Тем временем я хлопотал по хозяйству в доме и в кухне довольствовался обществом двух слуг. Нам троим хороший кусок мяса в горшке и вид сытного ужина казались приятней, чем полдня сочинять стихи в похвалу нашим не столь уж лакомым красавицам. Когда граф возвращался и его слова и мысли вновь становились ему послушны, от чрезмерной чувствительности он принимался рассуждать о грациях сочинительства и о небесном, бессмертном пламени любви; чтение немецких романов, без сомнения, сделало его излишне мечтательным[221], и его фантазиям было свойственно более могильное уныние, нежели знание людей. Я же, Бог знает почему, был настроен как нельзя более деловито. Я сочувствовал графу, но не разделял его мечтательного настроения.
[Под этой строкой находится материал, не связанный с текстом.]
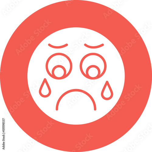 Vector illustration of a cartoon mouse face with a sad expression, crying with a tear in his eye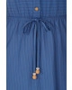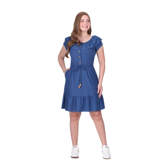 Vestido confeccionado em malha listrada, decotecom elástico interno e babado, fechamento frontalpor botões, cintura com elástico interno, detalheem viés fixo com ponteiras e bolsos funcionais.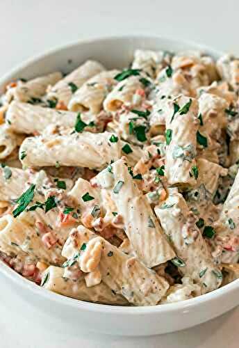Craving a crowd-pleasing dish for summer BBQs? Try my Bacon Ranch Pasta Salad! Tender pasta, crispy bacon, and fresh veggies are tossed in a creamy ranch dressing for a flavor-packed, delicious pasta salad.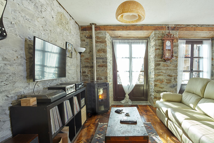 Para conseguirlo, despejamos el local y lo dejamos diáfano. Levantamos el encalado de los muros de carga para dejar la piedra vista y acuchillamos y tratamos con aceite el forjado de madera.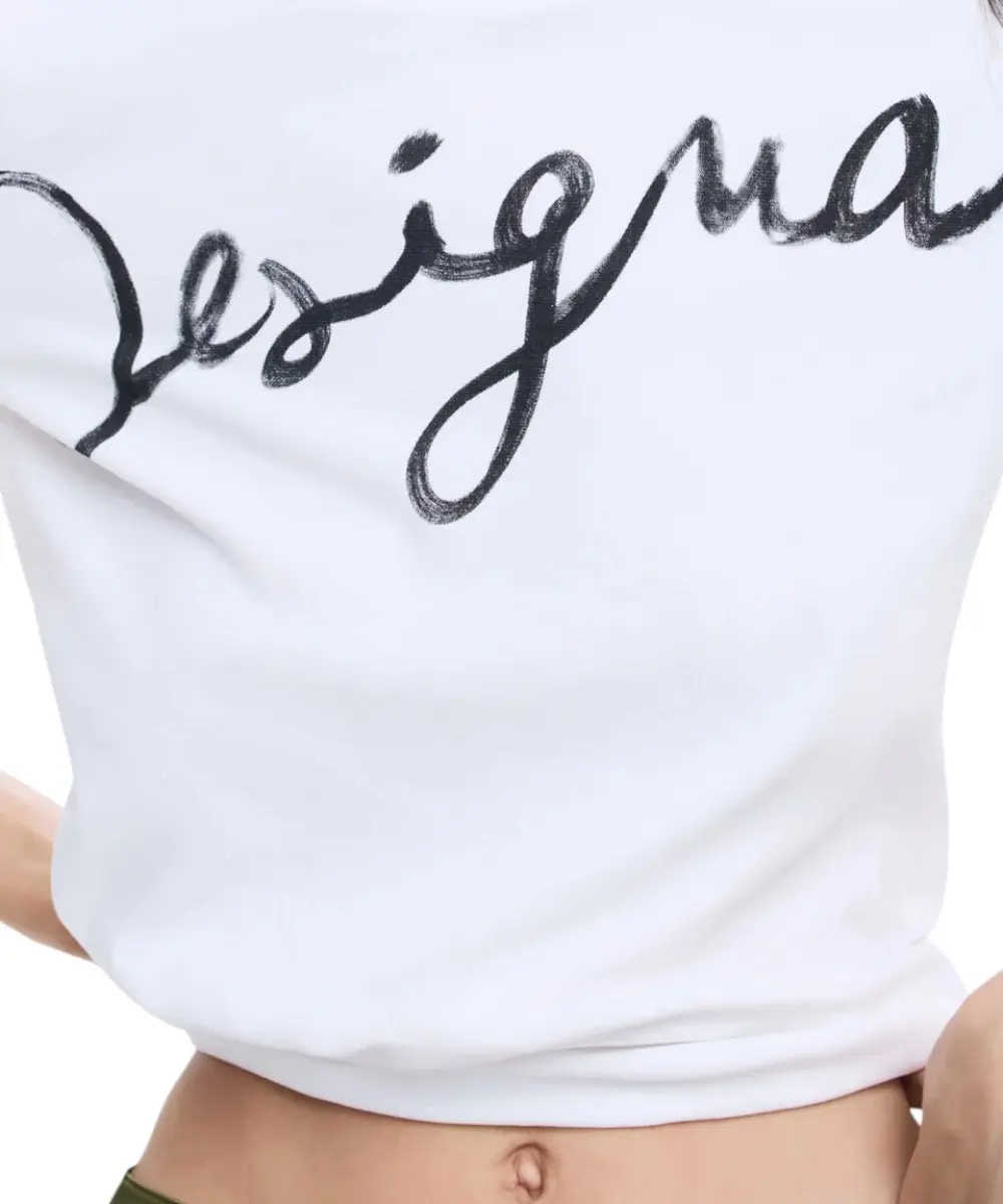 Styling Tip: Λόγω της ουδετερότητας του λευκού, μπορείτε να το συνδυάσετε με μια midi πλισέ φούστα σε οποιοδήποτε έντονο χρώμα ή floral μοτίβο. Ένα ζευγάρι πολύχρωμα sneakers θα δώσει την απαραίτητη ένταση στο σύνολο, αναδεικνύοντας το τυπογραφικό τύπωμα στο στήθος.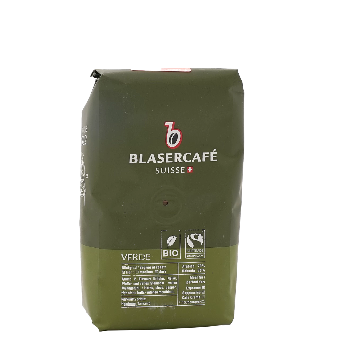 Geschickt gemischt und recht dunkel geröstet zeigt sich Blasercafé Bio Verde in der Tasse – getragen von einem leichten, kaum spürbaren Säuregerüst – mit gut ausbalanciertem Gesamteindruck bei guter Fülle. Im Aromenspektrum findet sich neben Kräutern und Pfeffer auch fruchtige Noten von reifem Steinobst .

Когда выдавалось ясное утро, я бодро, словно белка, вдыхал его свежесть; если в небе сиял месяц, я мог в течение получаса радоваться его мягкому свету, и сладостная печаль посещала меня. Однако, не ударяясь в слезы, брал я вскоре сеть или ружье и отправлялся довольно поздно, при неверном лунном мерцании, прочь из дома — в надежде наловить рыбы или подстрелить нескольких птиц.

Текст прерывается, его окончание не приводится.